Eiko’s solo project began with a 12-hour performance at 30th Street Station in Philadelphia. Since then, Eiko has performed variations of the project at over 40 sites. Performing as a soloist, Eiko willfully partners with the particularities of places and viewers. In spring 2016, she was the subject of the 10th annual Danspace Project Platform, titled A Body in Places. This month-long curated program included daily solos, weekly installations, a film series, a book club, discussions, group solo shows, Talking Duets, and a 24-hour photo exhibition of A Body in Fukushima. These activities brought her a Bessie Special Citation (2016), an Art Matters fellowship (2015), the Anonymous Was a Woman Award (2016), and the Sam Miller Award for Performing Arts (2020).

Since 2014, Eiko has collaborated with photographer and historian William Johnston, visiting post-nuclear meltdown Fukushima several times to create photo exhibitions, A Body in Fukushima, which have been presented in many cities where she has toured. In 2017, co-presented by Performa 2017 and Met Live Arts, Eiko performed all day at the three Met buildings: the Cloisters, the Breuer, and the main building on Fifth Avenue. For this work, Eiko created a seven-hour video from the haunting images of herself dancing in irradiated Fukushima.

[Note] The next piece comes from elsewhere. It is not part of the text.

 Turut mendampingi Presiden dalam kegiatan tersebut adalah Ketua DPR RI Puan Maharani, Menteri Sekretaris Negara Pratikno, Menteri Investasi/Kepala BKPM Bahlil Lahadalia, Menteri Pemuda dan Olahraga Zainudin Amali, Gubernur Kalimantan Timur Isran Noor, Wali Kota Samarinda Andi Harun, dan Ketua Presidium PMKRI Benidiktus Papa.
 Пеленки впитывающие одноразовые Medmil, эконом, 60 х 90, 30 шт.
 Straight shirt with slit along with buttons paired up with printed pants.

In 2017, Eiko inaugurated The Duet Project, an open-ended series of cross-disciplinary, cross-cultural, and cross generational experiments with a radical diversity of fellow artists both living and dead.

Wen Hui


A choreographer and dancer, Wen Hui also makes documentary films and installations. She is one of the pioneers of Chinese contemporary dance theatre. Wen Hui graduated from Beijing Dance Academy in 1989 with a degree in Choreography. In 1994, she studied modern dance in New York. From 1997 to 1998, she received a scholarship from Asian Cultural Council to further her study of modern dance and theatre making in New York. In 1994, she formed Living Dance Studio with Wu Wenguang in Beijing, and has participated in curating and organizing numerous arts projects. For twenty years, Wen Hui has insisted in using theatre as an intervention in the society. Since 2008, she began to research the ways body form the archive of personal social documentation, using personal means to experiment how bodily memory catalyzes collision between history and reality.

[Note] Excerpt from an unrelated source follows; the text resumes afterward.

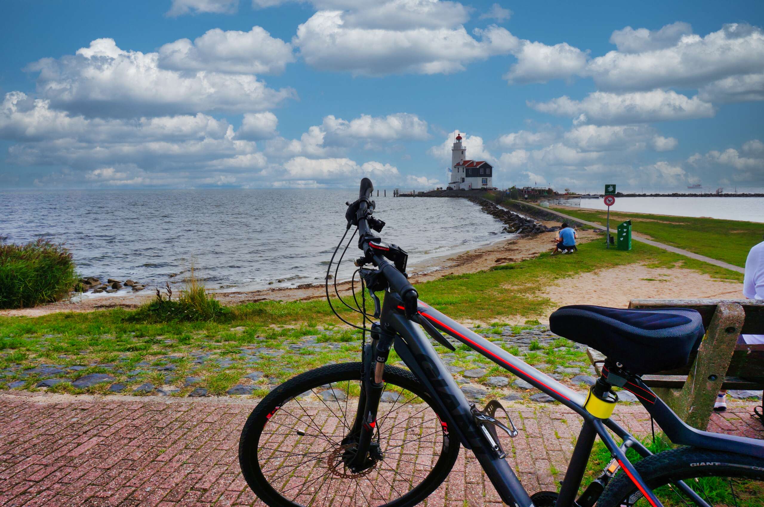 De la pluie toute la nuit. Matin gris. On part en vélo depuis le Marina Park de Volendam jusqu’à Marken. C’était censé faire 14, en fait près de 25 kms de piste cyclable plate. Ça se fait bien. On fait le tour de l’île en passant par le phare jusqu’au port. Le soleil est là, il fait beau et chaud Un peu trop pour ma chérie partie sans lunettes de soleil ni crème solaire, veste polaire sur le dos.

Living Dance Studio is an independent non-profit contemporary dance creative collective. Since 1994 till now, the company has been active at the cutting-edge of Chinese contemporary art as well as the most probing stages and festivals internationally. They have presented their works in over seventy cities in thirty countries, winning international high appraisals.

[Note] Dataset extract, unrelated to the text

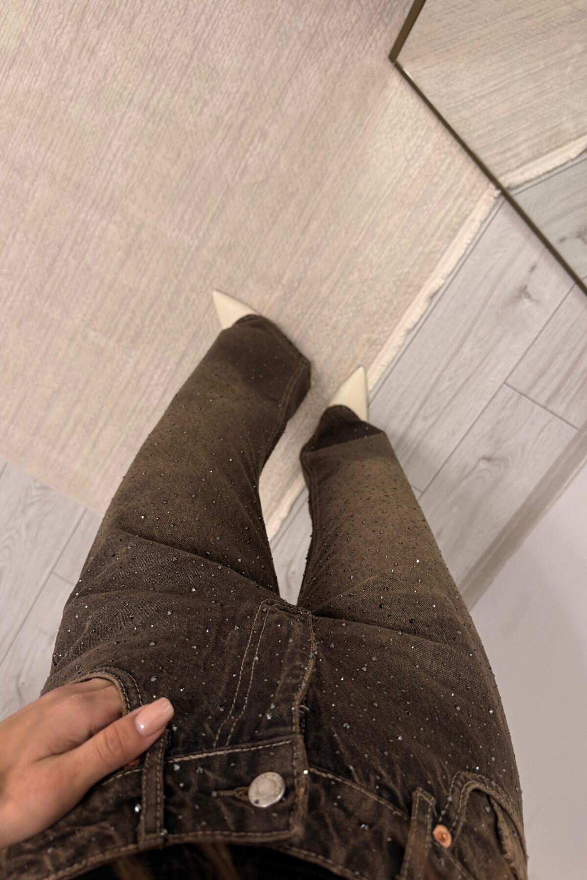 Işıltılı Wide Leg Kahve Eskitme Jean

French magazine Télescope describes Wen Hui as “a pioneer of dance…a miracle.”. In 2019, Wen Hui participated in the dual solo exhibition Yvonne Rainer and Wen Hui: Dance Only Exists When It Is Performed at the Beijing Inside-out Art Museum. In 2015 Wen Hui’s work Dancing with Third Grandmother and Dancing with Farmer workers was presented at the Venice Biennale in Italy. In 2004, Report on Body by Living Dance Studio won the “ZKB Patronage Prize” in Zürcher Theater Spektakel. In 2005, Wen Hui and Wu Wenguang established Caochangdi Workstation and co-curated the first “Cross-arts” International Dance Festival in Beijing. In the same year, they initiated European Artists Exchange Project and Young Choreographers Project.

Wen Hui is the winner of the Goethe Medal in 2021.